The gap between these modes reveals something striking about the model’s nature. On HLE — one of the most demanding exams crafted by experts across multiple scientific disciplines — performance leaps from 7.7% in standard mode to 34.5% in high mode and then 37.7% in max mode. On the Apex Shortlist benchmark for advanced reasoning, the jump is even more dramatic: from 9.2% to 85.5% to 90.2%. These numbers mean, quite simply, that the model stores deep reasoning capabilities that only surface when given sufficient time and working memory.
Flash: Not Just a Smaller Version
DeepSeek-V4-Flash is not a watered-down Pro. It’s a model designed from the ground up to answer an entirely different question: what’s the best performance achievable with only 13 billion activated parameters? The answer DeepSeek delivered surprised many.
In base training evaluations, Flash-Base exceeded the results of the previous V3.2-Base across most benchmarks, even though the latter used 37 billion activated parameters. And on advanced reasoning tasks with Max mode, Flash’s results converge strikingly close to its larger sibling: 85.7% versus 90.2% on Apex Shortlist, and 3052 versus 3206 on Codeforces Rating — performance that aligns with GPT-5.2 and Gemini-3.0-Pro levels.
The gap remains pronounced in tasks relying on broad world knowledge, where Flash scores only 34.1% on SimpleQA-Verified compared to Pro’s 57.9% — a logically expected outcome since larger models store more factual information in their parameters during pre-training.
The Million-Token Context: From Marketing Promise to Practical Reality
Supporting a one-million-token context window has long been more of a marketing claim than a practical capability, because the computational cost made regular usage economically prohibitive. The V4 series flips this equation.
At one-million-token context, DeepSeek-V4-Pro consumes only 27% of the computational operations per token compared to V3.2, while Flash reaches just 10%. The KV cache shrinks to 10% and 7% respectively. These aren’t marginal improvements — they fundamentally redefine what it means for a model to ingest an entire codebase or a massive knowledge repository in a single session without prohibitive costs.
On the MRCR benchmark for information retrieval at one million tokens, Pro-Max scored 83.5%, surpassing Gemini-3.1-Pro. More significant than the number itself is the stability: retrieval performance remains nearly flat up to 128,000 tokens before beginning a gradual, gentle decline toward the end of the window — a far less steep degradation curve than competing models exhibit.

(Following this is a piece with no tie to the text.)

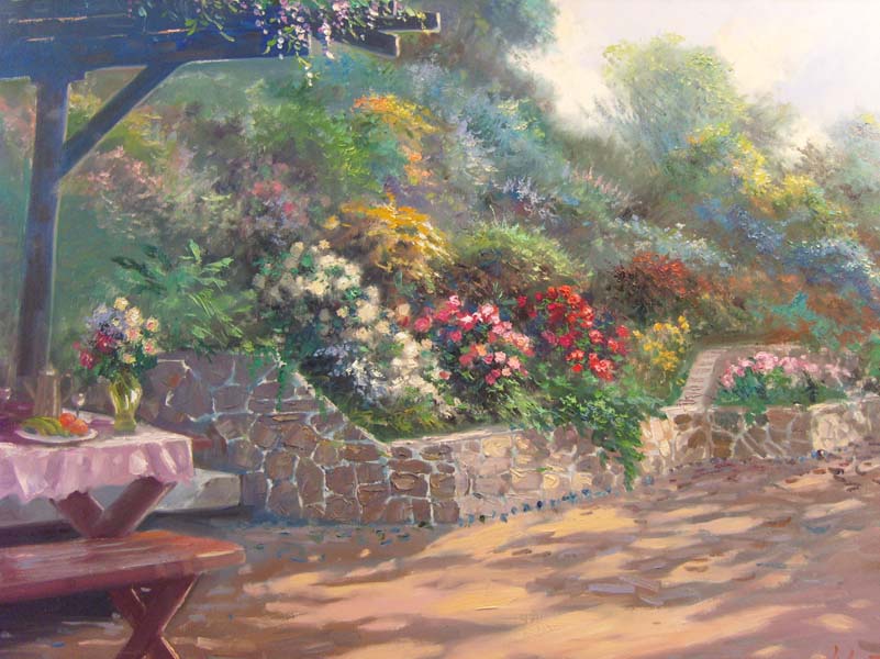 Robert Lui   In The Garden   36x48 Oil On Canvas

The Competitive Landscape: Where Does DeepSeek-V4 Stand Now?
In competitive programming, DeepSeek-V4-Pro is the strongest open-source model to date, without qualification. In agentic tasks — where the model is asked to use external tools and complete multi-step workflows — it scored 73.6% on MCPAtlas, outperforming both GPT-5.4 xHigh and Gemini-3.1-Pro-High. And in the company’s internal evaluation on real-world production engineering tasks, it achieved a 67% success rate compared to 70% for Claude Opus 4.5 and 47% for Claude Sonnet 4.5.

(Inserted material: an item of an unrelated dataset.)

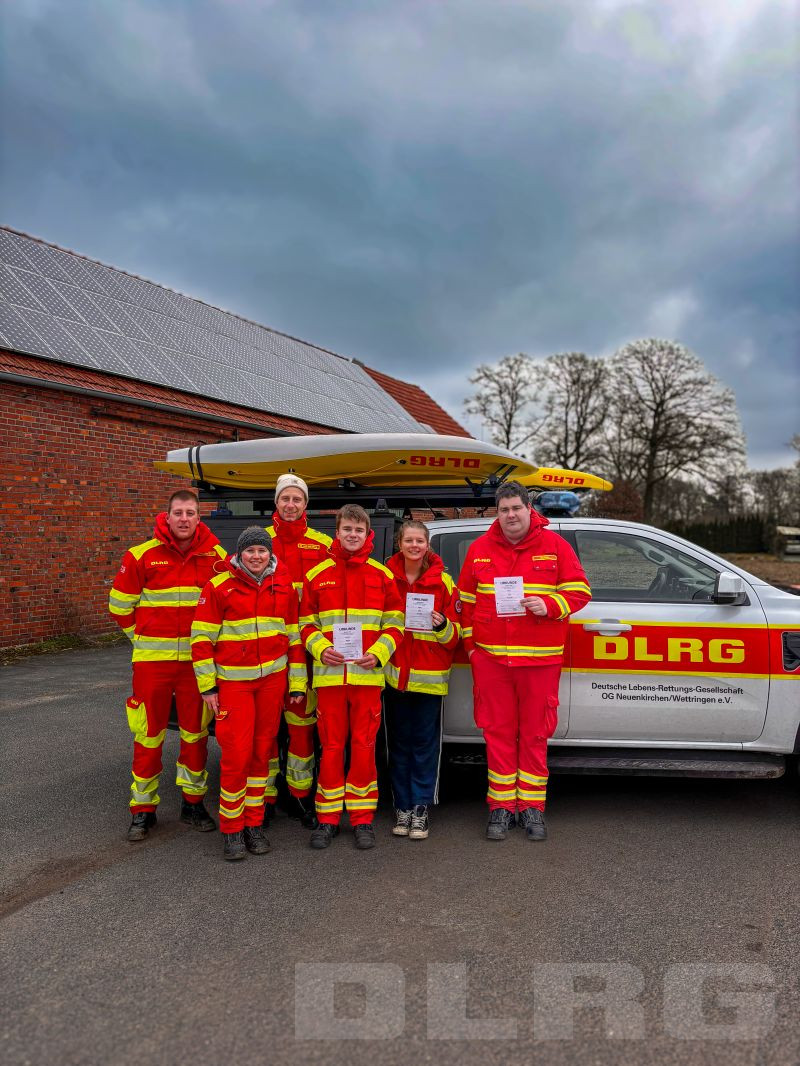 Bei praktischen Übungen in der Ems in Rheine Bentlage, sowie am Offlumer See konnte das erlangte Wissen unter Beweis gestellt werden. Nun bereichern sie mit einer weiteren Fachqualifikation den Bereich Einsatz der DLRG Ortsgruppe Neuenkirchen/Wettringen e. V. und sorgen ehrenamtlich für Ihre Sicherheit.

These numbers paint a clearer picture than headlines alone might suggest: the gap between open and closed models hasn’t disappeared, but it has shrunk dramatically in some domains and nearly vanished in programming. The open question now isn’t about what DeepSeek achieved with this release — it’s about what the next iterations might deliver if the company continues on this trajectory of architectural innovation rather than merely scaling up. Are we witnessing the beginning of an era where open-source models become the first choice for developers and researchers, not just the economical alternative?